Matt's skin crawled. She wasn't really siccing him with having to wait until Genghis Khan showed up, was she? That would be hundreds of years! Matt felt every instinct he had balking. "That's not for me to say! Shouldn't the people of Europe choose their own fate? Shouldn't the common folk of Ibile choose their own government?"
Now, finally, Clotho looked up, eyes boring into his—and, for a moment, the mist thinned; Matt saw a swath of smooth, flawless skin across her ravaged countenance. And, finally, she spoke directly to him. "Foolish mortal! How much choice have those people now?"
"Well...I suppose the sorcerers are pretty strict dictators...

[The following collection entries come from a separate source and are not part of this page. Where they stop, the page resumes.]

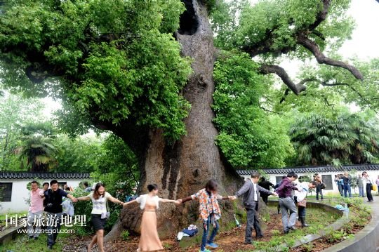 國(guó)家旅游地理 江西上饒5月18日訊 5月17日,游客在江西省德興市??阪?zhèn)??诖迩旯耪僚酝嫠!=魇〉屡d市??阪?zhèn)??诖逵幸豢?800多歲“高齡”的巨型古樟樹,歷史上曾遭受過多次雷擊、火災(zāi)等,其中最近的一次發(fā)生在2010年10月1日,由于村內(nèi)孩童進(jìn)入可容納幾十人的樹洞內(nèi)玩耍,不慎引發(fā)火災(zāi),致使大火從樹洞里燒起,讓這棵千年古樟幾近滅頂。此后,當(dāng)?shù)卮迕褡园l(fā)捐款近6萬(wàn)元,請(qǐng)來(lái)有關(guān)專家救治。經(jīng)過近4年的精心護(hù)救,如今這棵千年古樟再度逢春,枝繁葉茂,吸引了各方游客前來(lái)觀賞。 /新華社發(fā)(卓忠偉 攝)
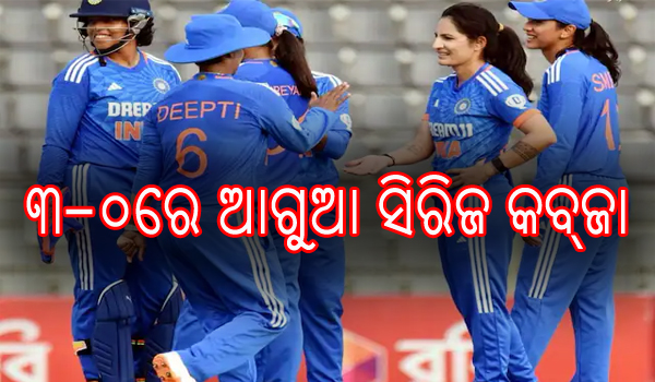 ସିଲ୍ହେଟ୍,୨ା୫:ବାଂଲାଦେଶ ବିପକ୍ଷ ତୃତୀୟ ଅନ୍ତର୍ଜାତୀୟ ଦିନିକିଆ କ୍ରିକେଟ ମ୍ୟାଚରେ ଭାରତ ୭ଉଇକେଟରେ ବିଜୟ ହାସଲ କରିଛି। ଏଥିସହିତ ଦୁଇ ଦଳ ମଧ୍ୟରେ ଚାଲିଥିବା ୫ ମ୍ୟାଚ ବିଶିଷ୍ଟ ଅନ୍ତର୍ଜାତୀୟ ଟି୨୦ କ୍ରିକେଟ ସିରିଜରେ ଭାରତ ୩-୦ରେ ଅଗ୍ରଣୀ ସହ ଆଗୁଆ ସିରିଜ କବ୍ଜା କରିନେଇଛି।
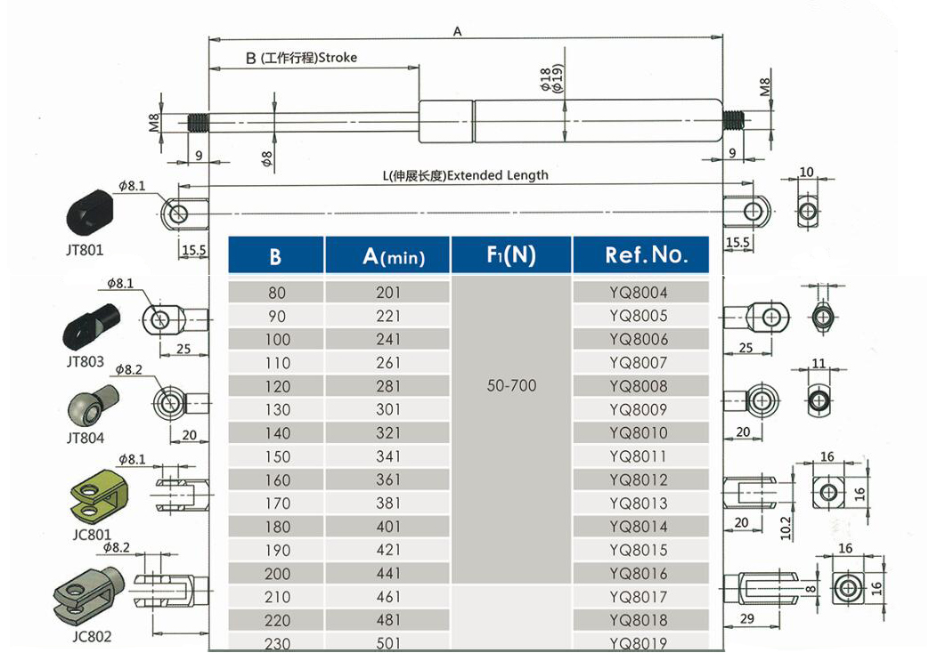 汽車氣彈簧-舉升氣彈簧YQ8/18-2

"The people are but slaves!" Clotho's lip curled in contempt. "The king and his sorcerous nobles dictate every step, every act their people make! And they are cruel, most horribly cruel, in their enforcement."
"The poor folk dare not even embrace one another in the solitude of their huts," the youngest said, "for fear the sorcerers might be watching in their crystals. Nay, 'tis the foulest, most oppressive tyranny ever known!"
Matt was about to ask them about Herod and Nero, until he remembered that he was talking to experts. If anyone knew, it was the Fates. He hid a shudder at the thought of just how bad the sorcerers must be. "But that doesn't give me the right to impose a government on them!"
"Can you free them, yet leave them in anarchy?" Clotho challenged. "Nay, then surely sorcerers will rise among them again! Yet be truthful, Wizard—had you not meant to take the throne for yourself?"
Sir Guy and Yverne looked at him, startled.
"Well...yeah," Matt admitted, "but I was going to give them a good government."
"With no tyranny nor oppression? No taxes, no torture?"
"Well...there have to be some taxes, or the government doesn't have any money to provide even the most basic social services. But torture? No! Definitely not! And I'd honor the basic human rights, even if I wouldn't tell them about them all at once."
"Then you, too, would steal their freedom!"
"Not at all! I'd start an educational campaign first thing—well, second, after I'd taken care of basic administration-and build it, slowly and gradually, until they understood the basics of government. Then, in about twenty years, I'd start a national assembly, and slowly turn it into a real parliament."